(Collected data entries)
==================================================
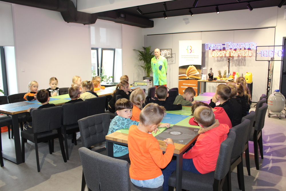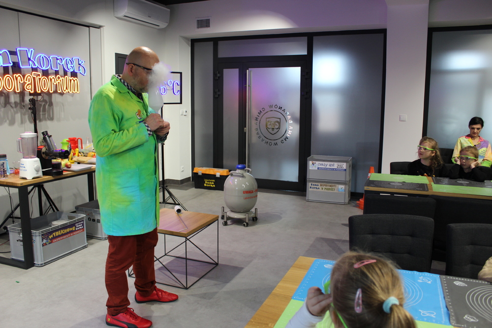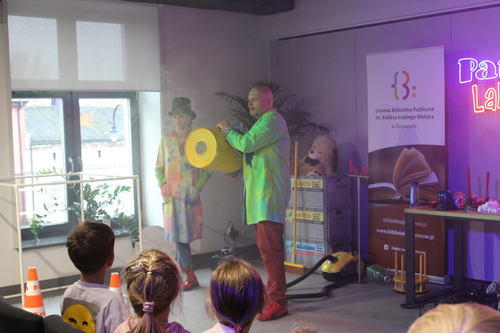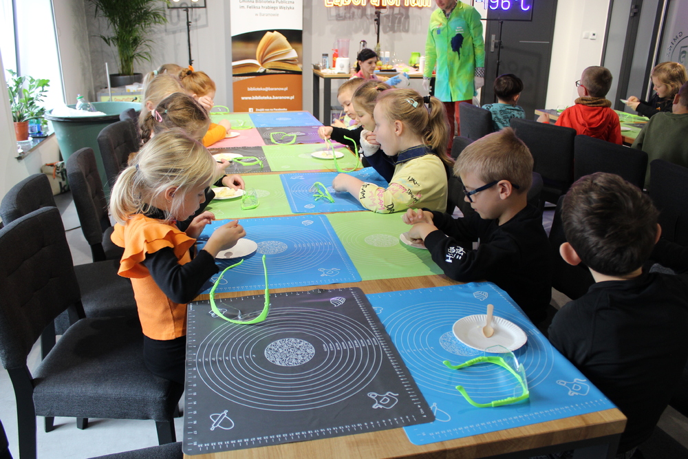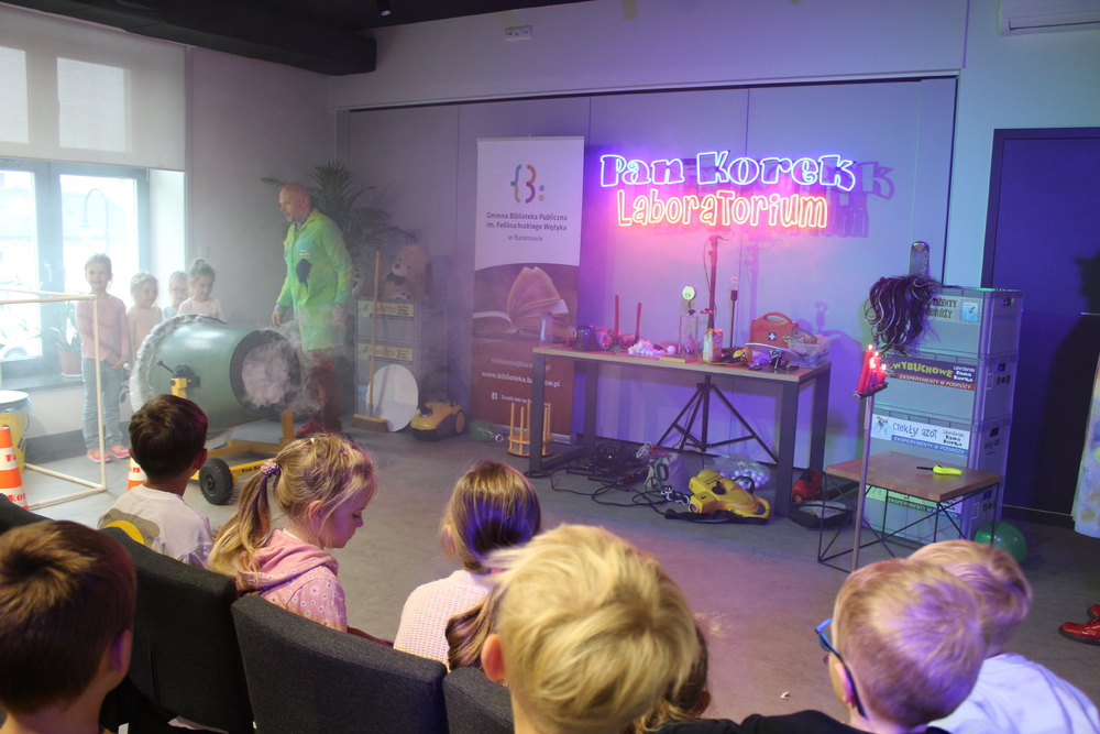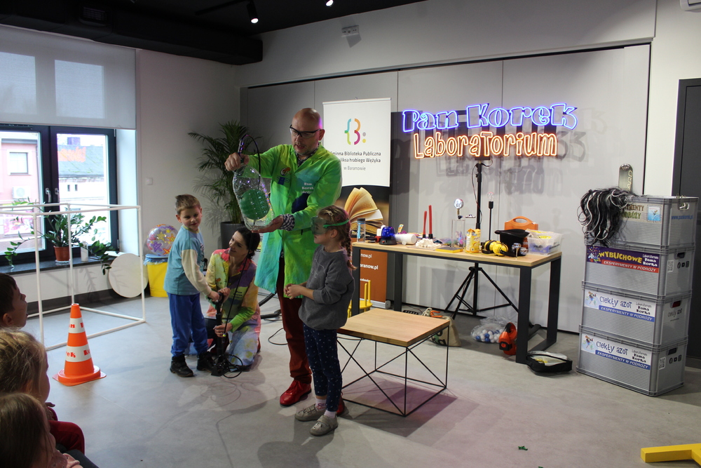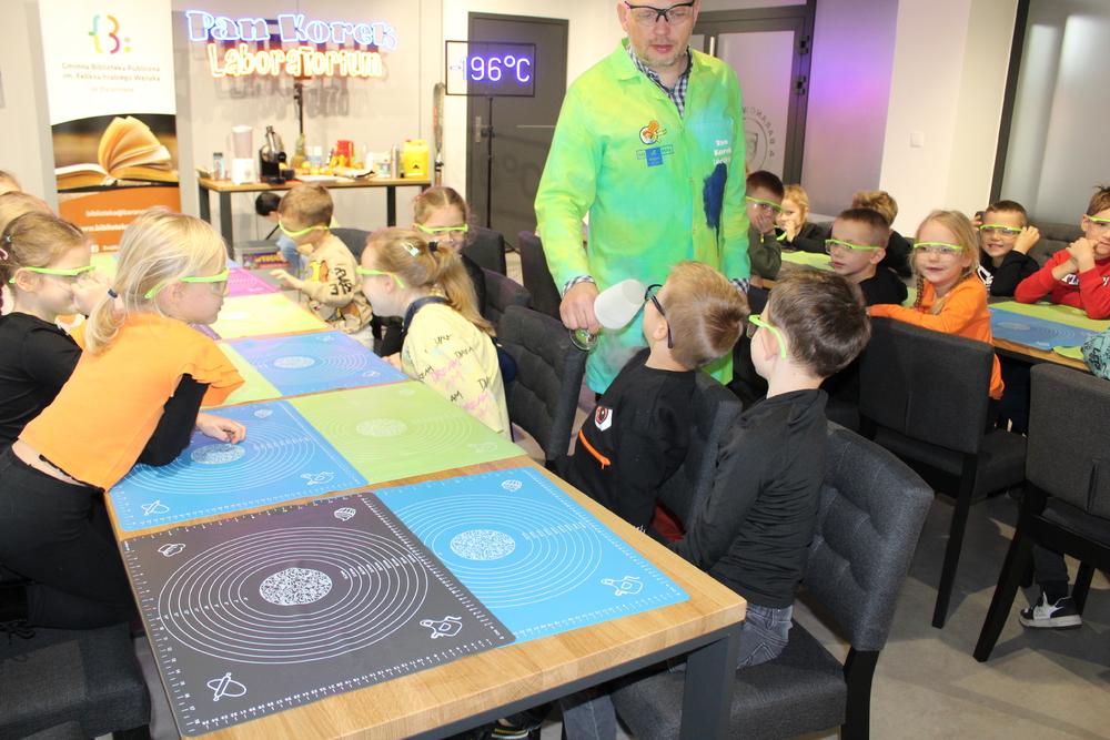 29 października w Gminnej Bibliotece Publicznej w Baranowie odbył się edukacyjny pokaz naukowców z Laboratorium Pana Korka, którzy podróżują po Polsce i prezentują widowiskowe eksperymenty z wielu dziedzin nauki. W zajęciach uczestniczyły grupy przedszkolne z Przedszkola „Bajka” z Baranowa oraz dzieci z oddziału zerowego z Zespołu Szkół w Mroczeniu.
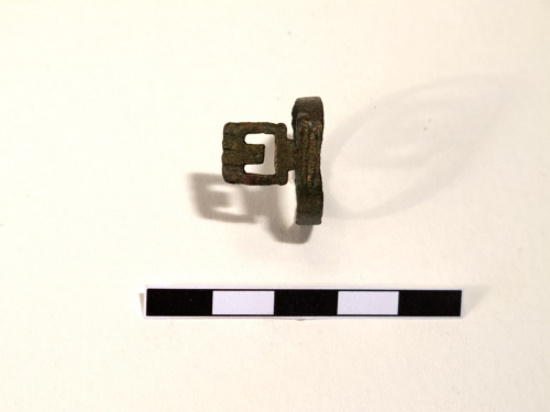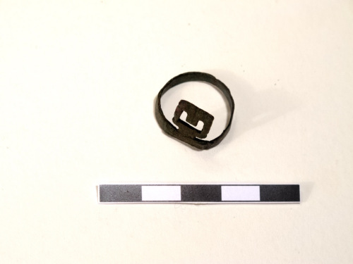 Anello digitale, a chiave, formato da una fascia in lega di rame, a capi saldati in prossimità del decoro. La fascia è un nastro semplice. Il decoro, sormontante, è formato da un rettangolo forato a forma di "U".
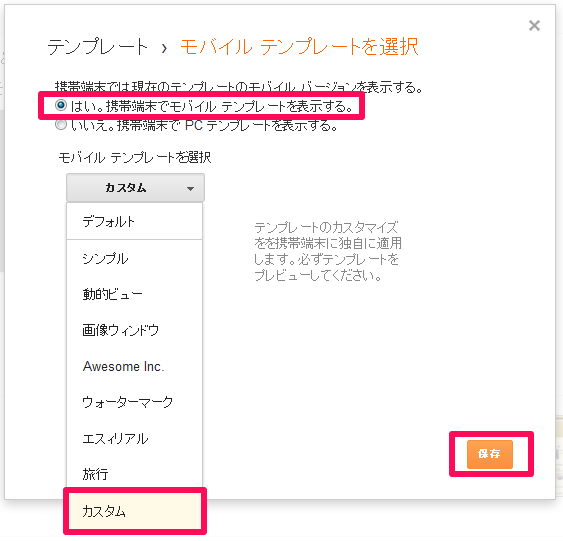 テンプレートのモバイル画像の下にある歯車ボタンをクリックし、
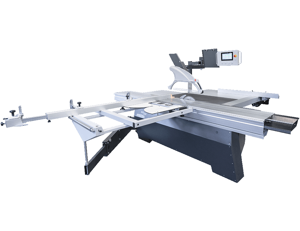 Sliding table saw Brand: Panhans Type: 680 100 New machine Technical data: Trolley length 3200 mm Cutting length 3400 mm Cutting height max. 155 mm at 90 ° 105 mm at 46 ° Cut width Width stop 1030 mm Saw blade max. Ø 450 mm Saw blade under table retractable Ø 400 mm Table size cast table top 1200 x 655 mm Table extension plus. 750 x 655 mm Table extension 1200 x 655 mm Table height +/- 20 mm 900 mm Main saw blade speed 3000/4000/5000/6000 rpm Net weight approx. 1051 kg Technical description: Solid German mechanical engineering For trimming, cutting to length, formatting, miter cutting, etc. Dimensionally stable and self-supporting machine body manufactured as a stable frame welded construction from thick-walled steel profiles, laser-processed sheet steel parts and mechanically processed The torsion-resistant and finely planed cast table top is built on the ...
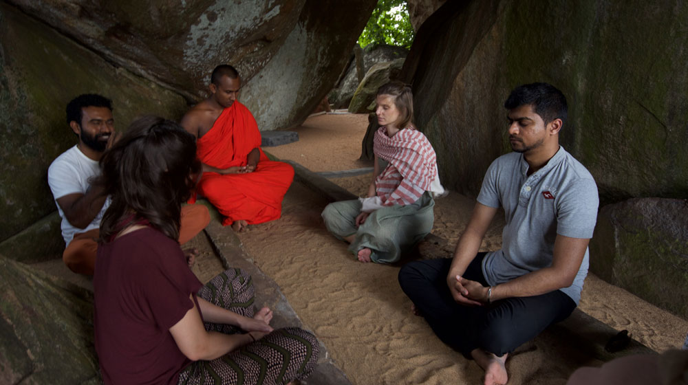 We have so many but one is we go into rural Sri Lanka’s hermitages where monks meditate from morning until evening. They are mostly in rural areas – very difficult to traverse, either in jungles or mountains – so we go into those rural temples and we do almsgiving for the monks, providing them with lunch. Monks have only two meals a day: an early breakfast with sunrise and another meal around 11:30am. Monks have no kitchens and they don’t cook so it’s the surrounding communities providing alms that sustains them, and this is what we offer to our clients. It’s not a touristic experience, no other tours are around, it’s a totally private experience.
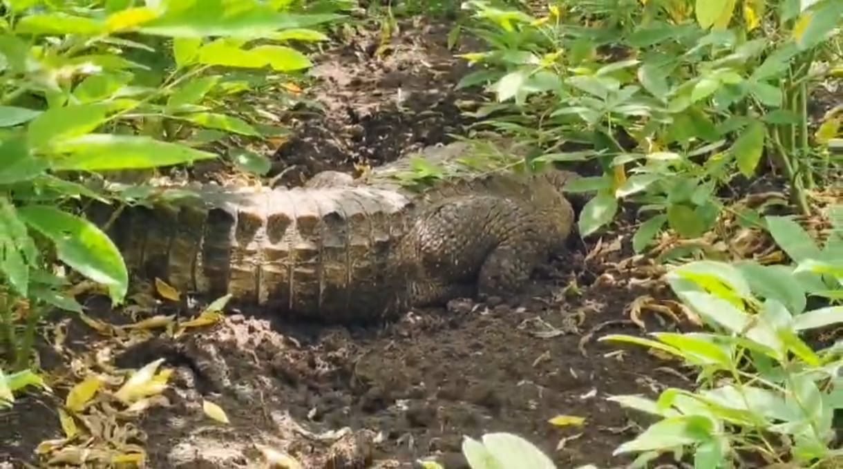 ತೊಗರಿ ಬೆಳೆ ಮಧ್ಯೆ ಮೊಸಳೆ ಅವಿತುಕೊಂಡಿದೆ.
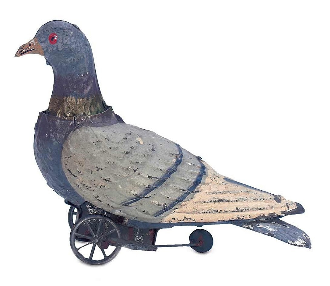 Обычно такого голубя отливали из жести или олова, расписывали вручную яркими, но уже слегка потускневшими от времени красками. Он стоит на круглой подставке с заводным ключом. Заведешь его — и начинается волшебство. Голубь не едет, а ритмично клюет зернышки на столе. Его головка на пружине опускается и поднимается с почти гипнотической регулярностью. Скрип шестеренок, тиканье механизма, монотонные, но живые движения — вот и вся анимация. Но для ребенка 1890-х это было чудом, равным по силе сегодняшнему роботу.
==================================================
Exactly as written, restate the lines above from the opening line through the one holding "テンプレートのモバイル画像の下にある歯車ボタンをクリックし、", omitting the pictures.

 29 października w Gminnej Bibliotece Publicznej w Baranowie odbył się edukacyjny pokaz naukowców z Laboratorium Pana Korka, którzy podróżują po Polsce i prezentują widowiskowe eksperymenty z wielu dziedzin nauki. W zajęciach uczestniczyły grupy przedszkolne z Przedszkola „Bajka” z Baranowa oraz dzieci z oddziału zerowego z Zespołu Szkół w Mroczeniu.
 Anello digitale, a chiave, formato da una fascia in lega di rame, a capi saldati in prossimità del decoro. La fascia è un nastro semplice. Il decoro, sormontante, è formato da un rettangolo forato a forma di "U".
 テンプレートのモバイル画像の下にある歯車ボタンをクリックし、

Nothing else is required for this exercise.